Gut Bacteria Linked to Multiple Sclerosis Development


Levels of good and bad gut bacteria influences autoimmune disease.

Multiple sclerosis (MS) patients were found to have lower levels of good bacteria in a recent study, revealing that bad gut bacteria or an insufficient amount of good bacteria may be a direct link to MS.

Since bacteria has been associated with contributing to good health, researchers sought to determine whether individuals with a chronic autoimmune disorder had different gut microbiome than healthy individuals for a study published in Scientific Reports.

“Every human carries trillions of bacteria in their gut (gut microbiome) and recent advances in research indicated that these tiny passengers play an important role in our overall health maintenance,” said senior study author Ashutosh Mangalam, PhD.

Researchers conducted a microbiome analysis on fecal samples collected from both MS patients and healthy controls, and found that MS patients do have a distinct microbiome from the healthy controls.

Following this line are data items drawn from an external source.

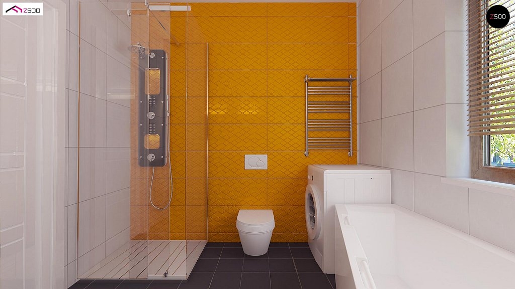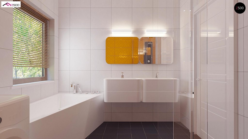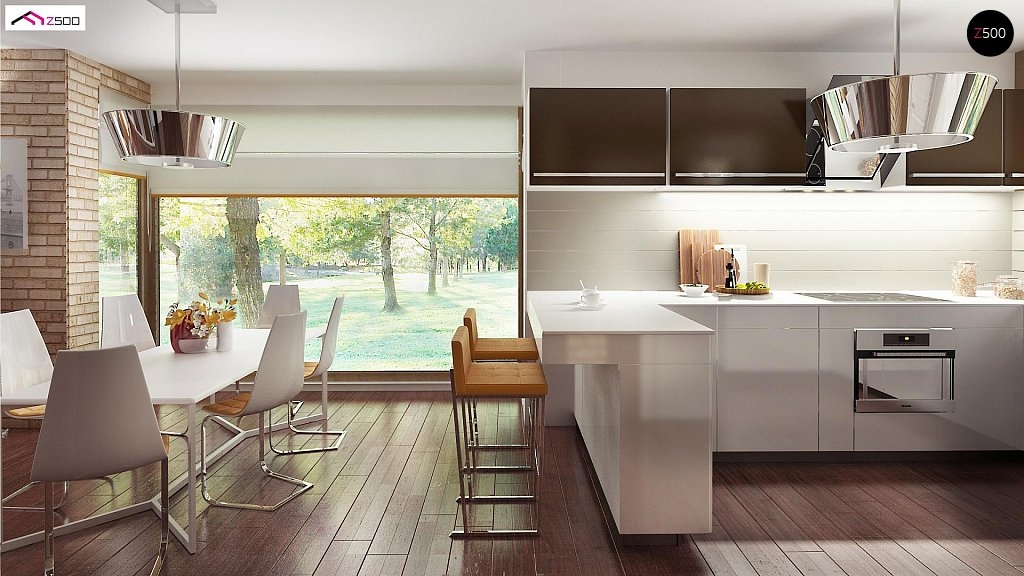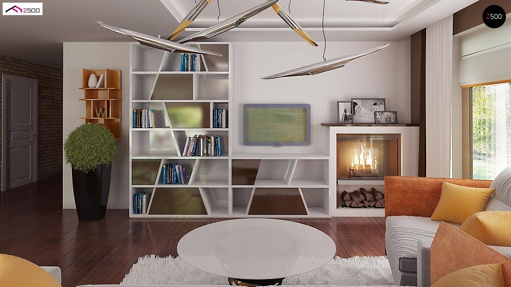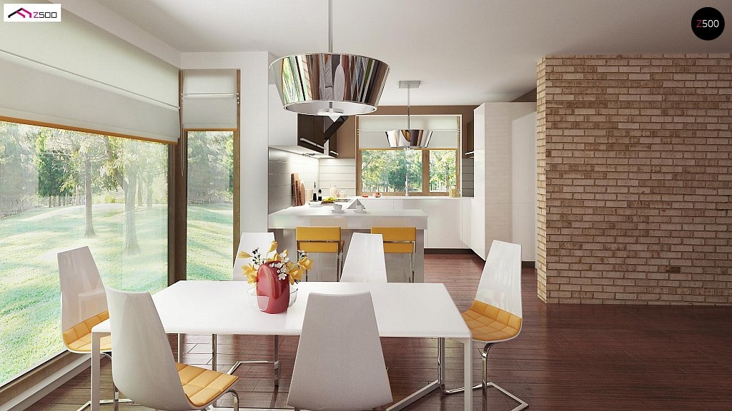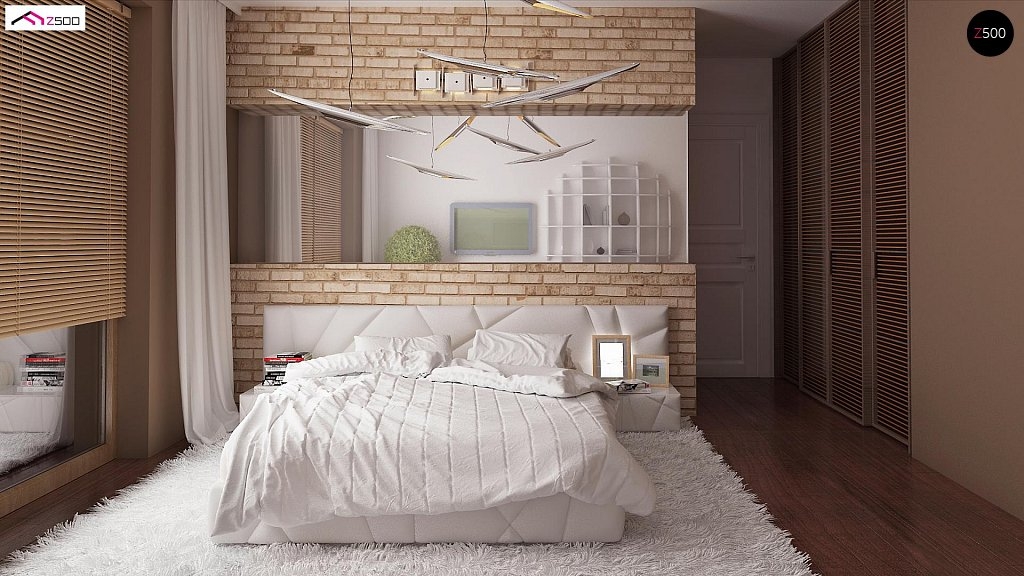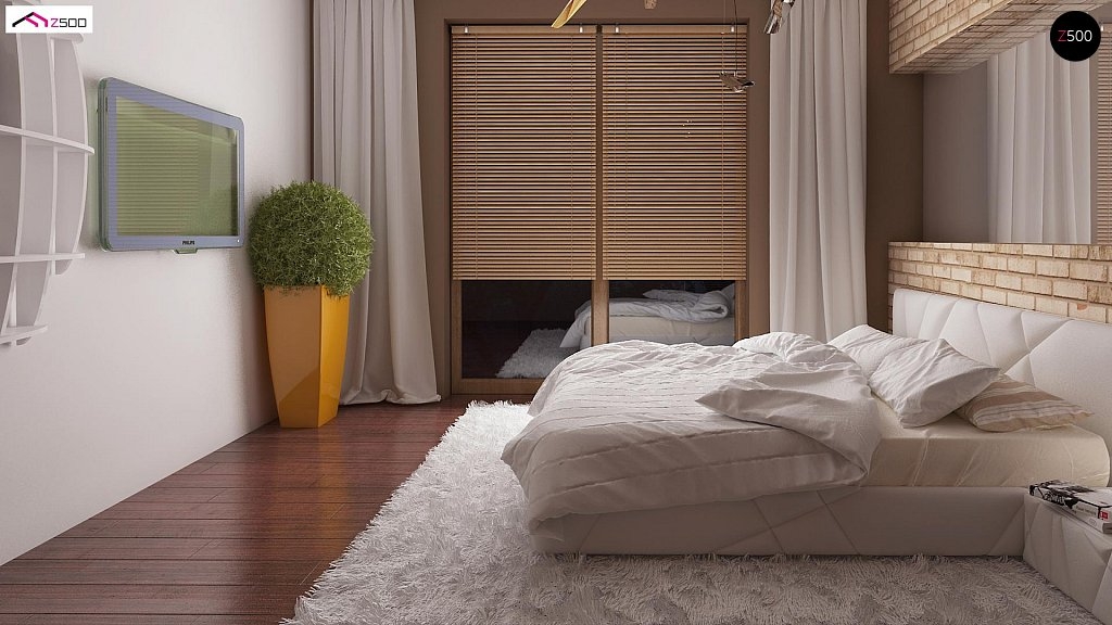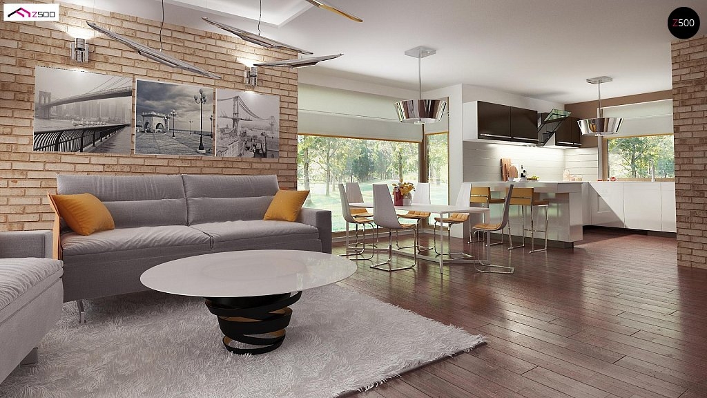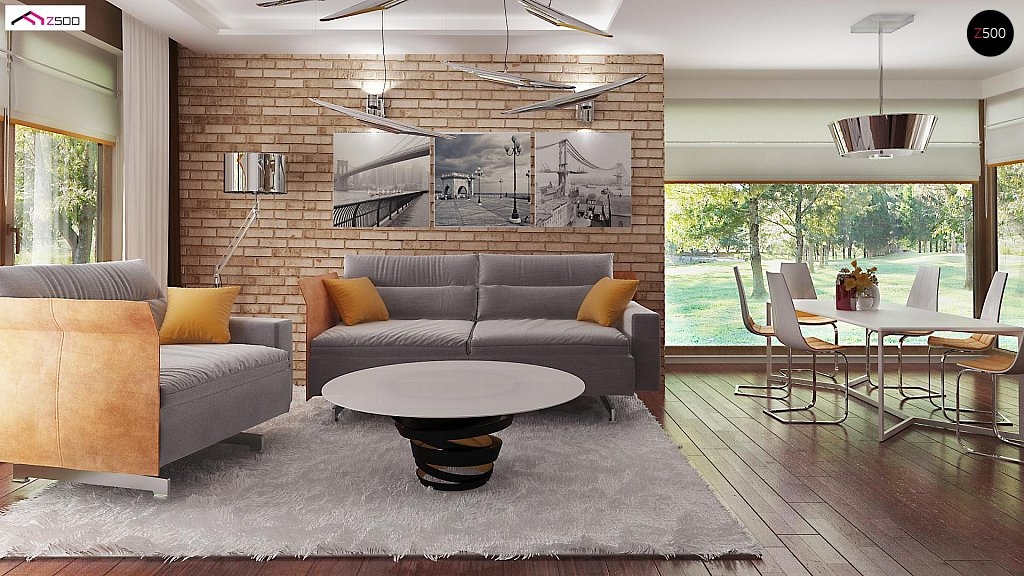 Проєкт Z205 виконаний у вигляді практичного будинку в один поверх, що має чотири спальні та гараж. Покрівля, що має чотири скати, красиві фасади одноповерхових будинків за проєктом Z205, які запроєктовані із застосуванням теплих відтінків цегли, дарують котеджу затишний, сімейний характер.
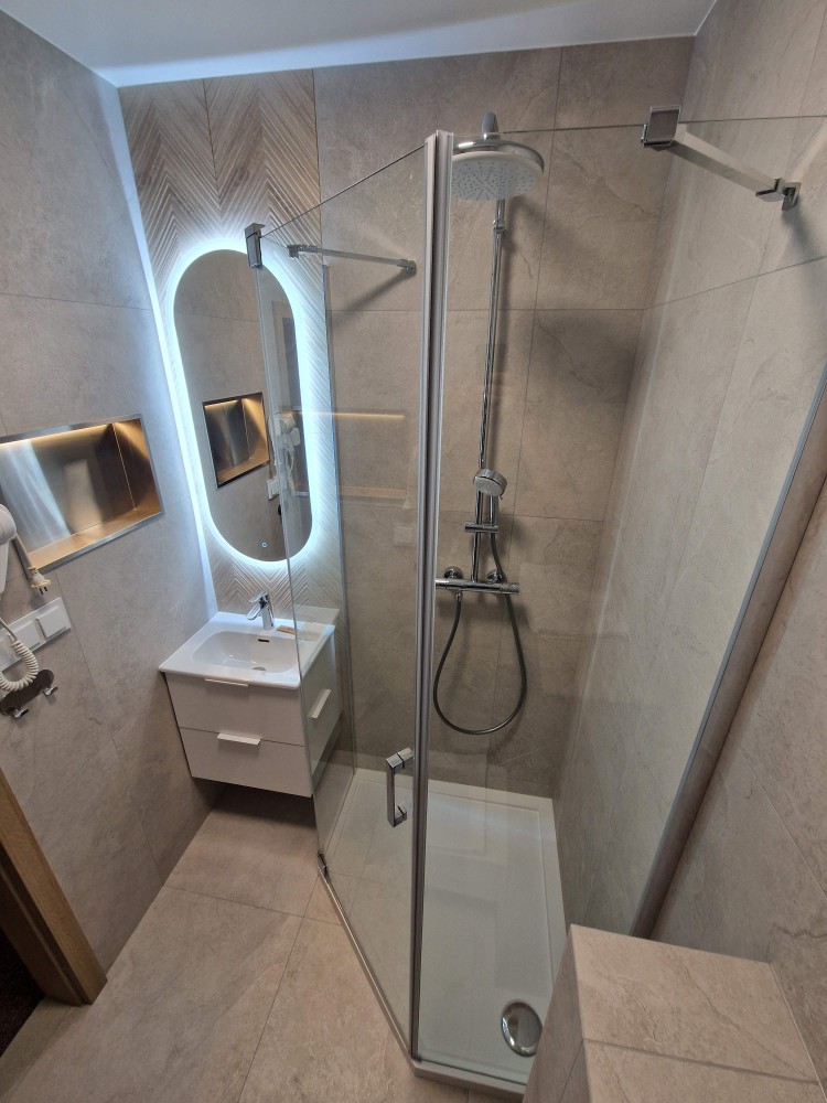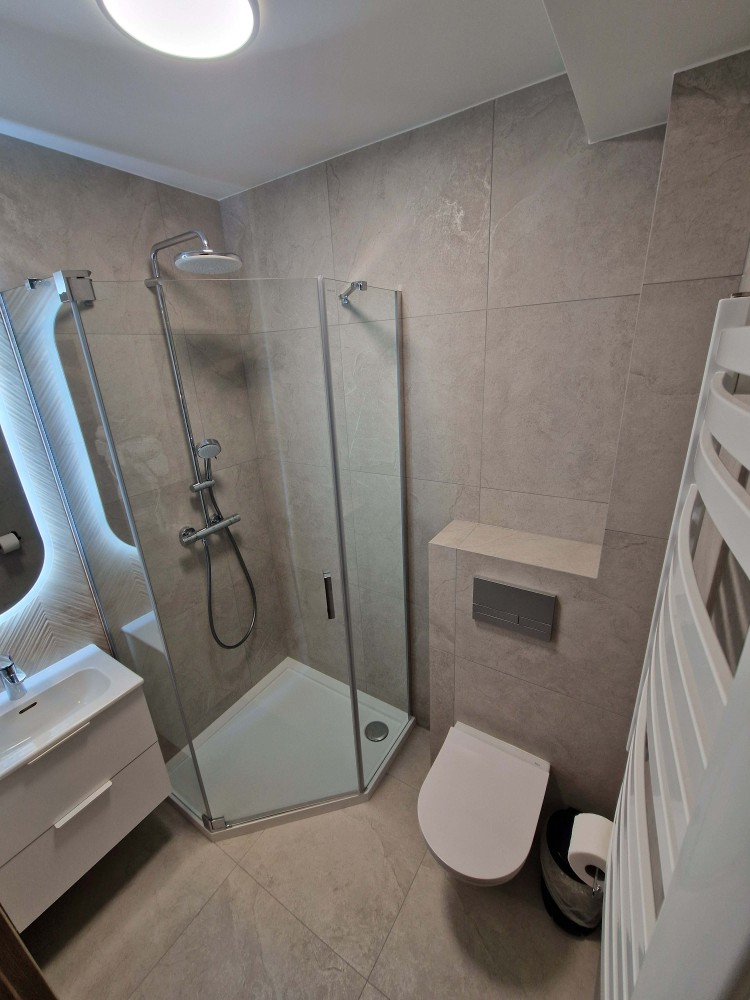 - Możliwość skorzystania z łóżeczka dla dziecka, krzesełka dla dziecka, krzesełka pod prysznic dla osób starszych.
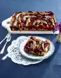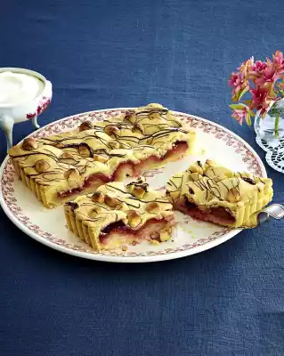 Roll out the rest of the shortcrust pastry into a rectangular shape (approx. 20 x 30 cm), cover the plums with it and press on. Sprinkle the macadamia nuts over it and press them down. Bake in the preheated oven (electric cooker: 175 °C/ convection oven: 150 °C/ gas: see manufacturer) for approx. 45 minutes, remove from oven and let cool on a cake rack
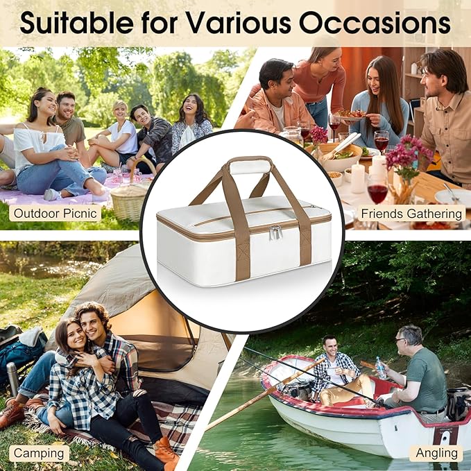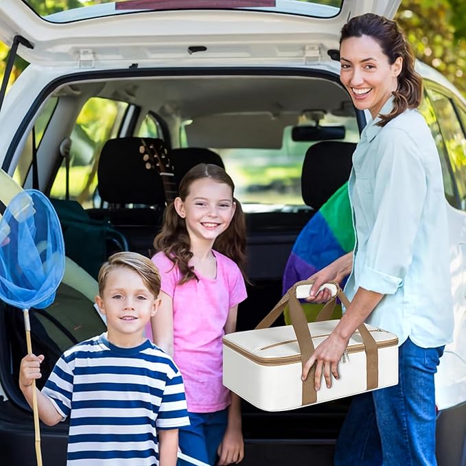 Insulated Casserole Carrier, Portable Casserole Carrier for Hot or Cold Food Lunch Tote Warmer or Cooler Bag, Lasagna Lunch Bag for Potluck Parties- Fits 9" x 13" Baking Dish-Beige

“We identified certain bacteria which are increased or decreased in the gut of patients with MS compared to health controls,” Mangalam said. “Although preliminary, our data suggest that patients with MS have reduced levels of good bacteria responsible for overall benefits obtained from consuming health foods, such as soybean and flaxseeds.”

Mangalam noted more research is needed in a larger patient population to validate the findings.